He tries to will himself to wake up. He does that often, when he has dreams he doesn’t like. Sometimes it works, or seems to work. It’s not working this time. And the whole thing still seems too real to be a dream. If it isn’t a dream, maybe he’d better start swimming toward the city. It looks a fair ways away. A fair swim. Especially for a man in his late sixties. He starts swimming toward the city.
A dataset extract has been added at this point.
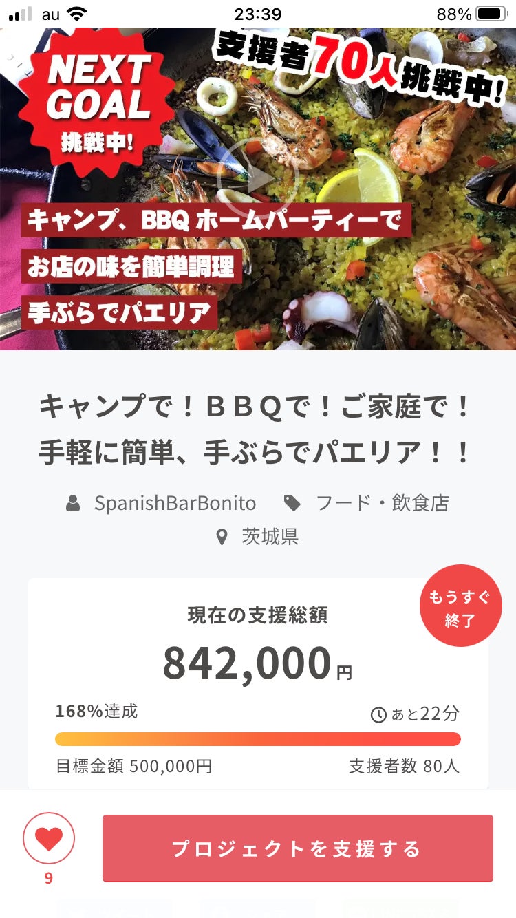 こんにちは!改めまして、「手ぶらでパエリア」をつくばから全国に届けたいという想いから始まりました今回のクラウドファンディングプロジェクトにご支援ご協力頂きまして、ありがとうございました!10月7日の掲載開始から昨日11月30日をもって無事終了致しました。プロジェクト目標&ネクストゴールのW達成することが出来たのも、全てご支援して頂いた皆様お一人お一人のお力添えがなければ達成できませんでした!特に最終の2日間で、今までの約2倍のご支援頂きまして、ネクストゴール目標達成できました!クラウドファンディングが終了しましたが、ここからが本当のスタートになります。進捗ありましたら、またご報告させて頂きます。リターン品も2023年1月中旬頃になる予定しておりますが、ご準備でき次第随時発送させて頂きます!社会状況の変化により商品の納品に変更等ございましたらまたご連絡差し上げます。ご質問等ありましたら、店舗までお気軽にお問い合わせください!今後は、店舗でのご予約販売、ECサイトBASEでショップ開設順備してありますので、追加のご注文や、新商品の販売はそちらからご注文頂ける予定です。こちらもまたご案内差し上げます!今回のクラウドファンディング初挑戦!不安と、ドキドキから始まりましたが、ご支援、ご紹介そして応援のコメントを頂いて、たくさんの元気と未来に挑戦していく勇気を頂きました!この機会に初めて当店を知って頂いた方もいらっしゃると思います。これも何かのご縁だと思っております。Spanish Bar BONITO そして、「手ぶらでパエリア」をはじめとする、お手元にお届け出来るBONITOの商品に変わらぬご支援、ご愛顧よろしくお願い致します。寒暖差が激しい季節になってきましたので、ご体調にお気を付けてお過ごし下さい。 2022年 12月1日 株式会社Bonito 代表取締役 小野 将弘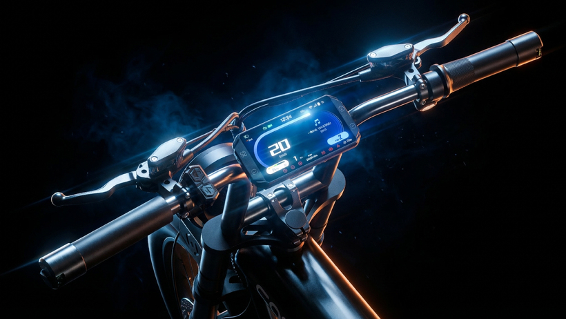 スマートディスプレイ:未来感溢れるスマートディスプレイは、本格バイクを彷彿させる細部まで拘った仕様です。Bluetooth対応で、スマートフォンと接続し音楽を聴くこともできます。

The city gets bigger as he swims toward it. The big skyscraper starts looking really big now. It really towers over him. A little bit scary. He supposes that’s a bit funny – maybe more than a bit funny – for a guy who lives in New York, a city that – after all – everyone knows for its skyscrapers. But Manhattan’s skyscrapers don’t stand all by themselves surrounded by only much smaller buildings like this thing. And this thing is built, not right by the waterfront but maybe a few blocks from it, so from the water below it you can really get an impression of its size, and while there are a few other tall buildings close to it most of them seem to be toward the back and the sides of the valley, closer to the hills and mountains. The city doesn’t seem to have any real downtown, just loose strings of tall buildings in different places – a bit like what he’s heard L.A. is like. And the big skyscraper isn’t just tall, it’s big all around. It’s impressive not just for how tall it is but for how wide the base is – and the base is pretty tall itself, it’s gotta be at least twenty stories. And the tower that sticks up above it – much taller than the base – is pretty impressively wide itself. The building looks at least as tall as the World Trade Center, and much bigger around. As he gets a feel for just how big the building is Josiah again wonders where he is. That’s a pretty impressive building. It’s got to be one of the biggest in the world – maybe even the biggest. So how come he can’t remember ever hearing about it or seeing a picture of it?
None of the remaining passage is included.